The result was St. Monica’s Catholic Church and its congregation of people from diverse cultures and economic backgrounds.
“They had the first multicultural church in Chicago,” Father Jordan said. “It existed before the word ‘multicultural’ was ever spelled out.
“Now, if that is not flourishing, I don’t know what is.”
Father Jordan is friends with Father Alonzo Cox, coordinator of the Vicariate of Black Catholic Concerns for the Diocese of Brooklyn. In 2018, Father Cox helped bring a live theatre production to the diocese about Father Tolton’s life.
Father Cox praised the new center, calling it a great vehicle “to help parishes look at ways they can grow in the midst of COVID.”

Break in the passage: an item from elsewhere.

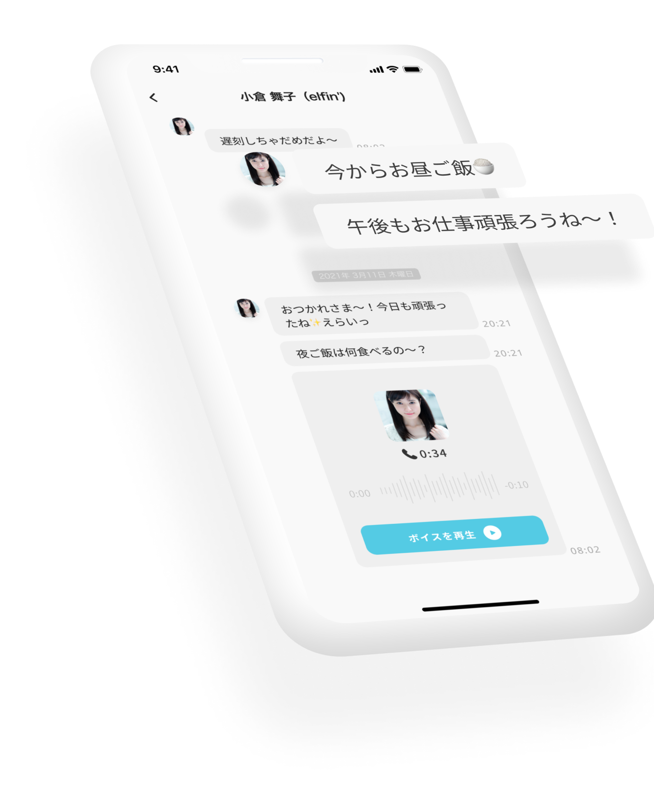 メッセージはテキスト、画像、音声、動画の4パターンで送られ、特に音声が届く場合は、本人から実際に着信が来たかのような体験ができます。

“I think it could really benefit a parish here in Brooklyn,” he said. “And, it doesn’t have to be a predominately African American parish to benefit from the story of Father Tolton.”
Father Jordan said the center plans to develop programming tailored to different regions in the U.S. He explained, for example, that housing is a concern for black Catholics everywhere. But in Chicago, the problem is affordable housing, and in Lafayette, dilapidated, unlivable housing is the problem.
Using the example of Father Tolton, Catholics can prayerfully seek solutions and build partnerships to achieve them. The Gospel shows the way, according to Father Jordan.
“So we each have a housing problem and a poverty problem,” he said. “But although they come in different forms, what is the same is Jesus Christ and his Gospel. It’s the same everywhere.”